_Your instructions_.
Write each line below back out exactly, omitting its pictures.

_Data provided_.
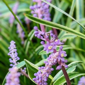 斑入りヤブラン 今年も玄関横の紫陽花の下に青紫色の藪蘭が咲き出しました🥰
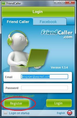 After it is fully installed, open friend caller from desktop. Then register. I recommend you to use temporary email for the registration, like yopmail.com
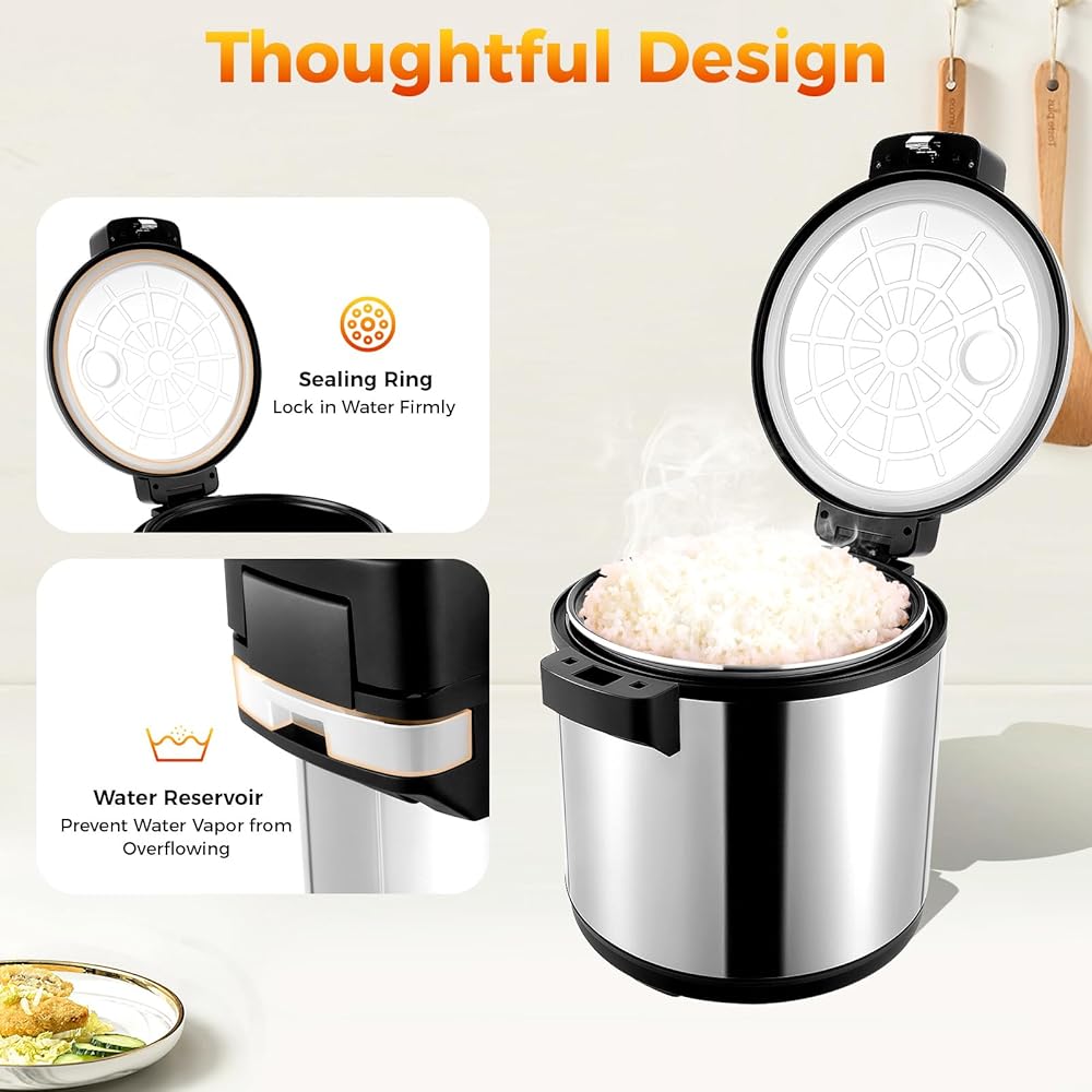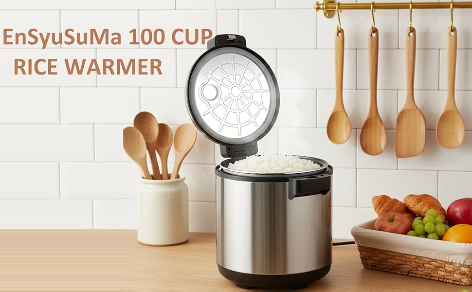جهاز تسخين الأرز التجاري، سخان طعام كهربائي عالي التحمل سعة 100 كوب مع ملعقة أرز وغطاء مفصلي، درجة حرارة قابلة للتعديل، مع وظيفة دافئة للمطاعم، وتقديم الطعام، والحفلات، وعاء داخلي غير لاصق

_Response_.
 斑入りヤブラン 今年も玄関横の紫陽花の下に青紫色の藪蘭が咲き出しました🥰
 After it is fully installed, open friend caller from desktop. Then register. I recommend you to use temporary email for the registration, like yopmail.com
جهاز تسخين الأرز التجاري، سخان طعام كهربائي عالي التحمل سعة 100 كوب مع ملعقة أرز وغطاء مفصلي، درجة حرارة قابلة للتعديل، مع وظيفة دافئة للمطاعم، وتقديم الطعام، والحفلات، وعاء داخلي غير لاصق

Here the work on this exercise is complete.